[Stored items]
[Start of Attachment]

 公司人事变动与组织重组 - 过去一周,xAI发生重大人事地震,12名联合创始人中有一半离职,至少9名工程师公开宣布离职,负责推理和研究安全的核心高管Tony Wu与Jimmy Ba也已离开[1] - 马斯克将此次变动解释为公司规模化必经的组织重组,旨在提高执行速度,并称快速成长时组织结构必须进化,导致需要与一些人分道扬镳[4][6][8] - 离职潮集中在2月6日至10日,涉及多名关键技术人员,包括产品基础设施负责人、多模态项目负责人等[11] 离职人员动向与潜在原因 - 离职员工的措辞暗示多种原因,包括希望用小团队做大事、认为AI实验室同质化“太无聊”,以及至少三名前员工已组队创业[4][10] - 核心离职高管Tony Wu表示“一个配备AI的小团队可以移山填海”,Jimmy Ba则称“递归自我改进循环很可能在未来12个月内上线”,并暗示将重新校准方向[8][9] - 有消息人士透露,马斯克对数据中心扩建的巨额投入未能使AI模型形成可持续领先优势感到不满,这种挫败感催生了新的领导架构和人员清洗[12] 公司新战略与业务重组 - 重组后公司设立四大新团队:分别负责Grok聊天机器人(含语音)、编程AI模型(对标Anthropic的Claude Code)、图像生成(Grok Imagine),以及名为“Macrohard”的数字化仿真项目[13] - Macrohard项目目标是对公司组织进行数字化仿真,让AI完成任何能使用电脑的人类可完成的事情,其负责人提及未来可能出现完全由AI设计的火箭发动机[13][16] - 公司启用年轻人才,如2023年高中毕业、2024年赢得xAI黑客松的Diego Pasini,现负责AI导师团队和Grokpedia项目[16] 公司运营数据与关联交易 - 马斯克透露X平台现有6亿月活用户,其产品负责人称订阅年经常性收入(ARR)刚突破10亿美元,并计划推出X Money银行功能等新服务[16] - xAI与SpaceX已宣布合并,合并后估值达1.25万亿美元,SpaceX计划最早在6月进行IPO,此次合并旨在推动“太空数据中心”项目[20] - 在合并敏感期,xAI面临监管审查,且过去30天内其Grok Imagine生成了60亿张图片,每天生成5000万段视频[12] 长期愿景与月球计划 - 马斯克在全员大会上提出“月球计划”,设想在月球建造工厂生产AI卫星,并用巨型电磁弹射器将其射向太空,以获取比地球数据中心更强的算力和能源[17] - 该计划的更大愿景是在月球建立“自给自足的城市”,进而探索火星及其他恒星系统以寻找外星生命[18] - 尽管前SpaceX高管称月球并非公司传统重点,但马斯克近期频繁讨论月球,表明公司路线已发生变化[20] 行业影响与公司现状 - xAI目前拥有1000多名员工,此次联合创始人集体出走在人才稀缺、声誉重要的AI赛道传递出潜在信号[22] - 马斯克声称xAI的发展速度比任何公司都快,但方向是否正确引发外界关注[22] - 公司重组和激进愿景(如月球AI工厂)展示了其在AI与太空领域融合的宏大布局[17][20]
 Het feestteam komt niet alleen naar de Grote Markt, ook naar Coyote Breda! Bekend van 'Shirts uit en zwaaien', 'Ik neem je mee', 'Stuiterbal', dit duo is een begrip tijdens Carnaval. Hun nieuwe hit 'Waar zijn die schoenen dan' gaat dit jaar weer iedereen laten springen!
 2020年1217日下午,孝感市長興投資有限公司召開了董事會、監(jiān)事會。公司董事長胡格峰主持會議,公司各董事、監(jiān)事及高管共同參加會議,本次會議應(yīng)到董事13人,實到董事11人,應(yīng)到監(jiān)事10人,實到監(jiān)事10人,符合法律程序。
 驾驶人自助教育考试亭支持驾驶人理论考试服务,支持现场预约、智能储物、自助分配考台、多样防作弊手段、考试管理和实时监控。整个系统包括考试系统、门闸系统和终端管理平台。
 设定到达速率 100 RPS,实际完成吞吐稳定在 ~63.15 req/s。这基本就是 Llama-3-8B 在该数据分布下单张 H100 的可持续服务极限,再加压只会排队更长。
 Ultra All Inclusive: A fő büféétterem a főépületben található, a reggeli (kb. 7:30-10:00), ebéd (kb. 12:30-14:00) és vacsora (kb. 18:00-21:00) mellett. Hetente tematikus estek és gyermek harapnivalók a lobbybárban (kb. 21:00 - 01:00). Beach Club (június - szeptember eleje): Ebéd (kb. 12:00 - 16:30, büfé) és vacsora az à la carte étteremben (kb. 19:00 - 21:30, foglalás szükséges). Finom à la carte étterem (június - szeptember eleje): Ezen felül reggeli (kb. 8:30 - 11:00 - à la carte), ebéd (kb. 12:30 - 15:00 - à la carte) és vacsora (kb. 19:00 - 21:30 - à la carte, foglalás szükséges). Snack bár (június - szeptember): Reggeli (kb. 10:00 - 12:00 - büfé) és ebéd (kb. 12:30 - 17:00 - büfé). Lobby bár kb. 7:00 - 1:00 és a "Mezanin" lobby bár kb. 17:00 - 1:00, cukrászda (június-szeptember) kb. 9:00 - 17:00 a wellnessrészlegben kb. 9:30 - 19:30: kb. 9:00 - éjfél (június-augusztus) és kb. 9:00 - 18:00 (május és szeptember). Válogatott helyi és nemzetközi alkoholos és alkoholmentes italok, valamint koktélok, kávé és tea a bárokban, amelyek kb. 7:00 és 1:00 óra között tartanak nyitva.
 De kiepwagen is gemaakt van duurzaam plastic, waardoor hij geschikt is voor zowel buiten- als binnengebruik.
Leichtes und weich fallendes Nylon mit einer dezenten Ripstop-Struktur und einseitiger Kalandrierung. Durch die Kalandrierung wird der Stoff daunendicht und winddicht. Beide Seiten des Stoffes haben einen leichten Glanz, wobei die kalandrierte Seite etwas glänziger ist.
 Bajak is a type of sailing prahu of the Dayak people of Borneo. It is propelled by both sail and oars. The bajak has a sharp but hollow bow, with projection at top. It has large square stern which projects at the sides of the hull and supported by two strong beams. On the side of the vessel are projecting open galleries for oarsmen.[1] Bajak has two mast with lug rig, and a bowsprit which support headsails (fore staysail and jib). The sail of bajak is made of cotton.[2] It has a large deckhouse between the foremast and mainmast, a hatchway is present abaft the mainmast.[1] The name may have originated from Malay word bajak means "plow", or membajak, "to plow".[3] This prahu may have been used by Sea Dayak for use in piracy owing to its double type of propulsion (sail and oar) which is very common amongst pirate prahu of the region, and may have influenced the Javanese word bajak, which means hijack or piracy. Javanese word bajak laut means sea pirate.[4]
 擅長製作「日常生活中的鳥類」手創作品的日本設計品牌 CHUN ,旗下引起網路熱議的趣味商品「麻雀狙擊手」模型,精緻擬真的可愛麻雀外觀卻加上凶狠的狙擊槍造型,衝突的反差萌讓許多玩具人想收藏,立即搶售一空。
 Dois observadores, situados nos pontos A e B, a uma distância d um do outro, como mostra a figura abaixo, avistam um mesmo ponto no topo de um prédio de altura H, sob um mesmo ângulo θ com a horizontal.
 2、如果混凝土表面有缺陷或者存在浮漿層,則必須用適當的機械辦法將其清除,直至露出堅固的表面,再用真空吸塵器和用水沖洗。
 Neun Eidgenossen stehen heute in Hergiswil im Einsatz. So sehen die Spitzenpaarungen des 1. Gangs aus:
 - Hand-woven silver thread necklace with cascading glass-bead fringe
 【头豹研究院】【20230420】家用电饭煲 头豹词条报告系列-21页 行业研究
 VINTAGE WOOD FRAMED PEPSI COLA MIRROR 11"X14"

[End of Attachment]

■ WHAT YOU HAVE TO DO:
With the line containing "- Hand-woven silver" as the first, output each line through the final line of the entries above, exactly.

■ THE ANSWER:
 - Hand-woven silver thread necklace with cascading glass-bead fringe
 【头豹研究院】【20230420】家用电饭煲 头豹词条报告系列-21页 行业研究
 VINTAGE WOOD FRAMED PEPSI COLA MIRROR 11"X14"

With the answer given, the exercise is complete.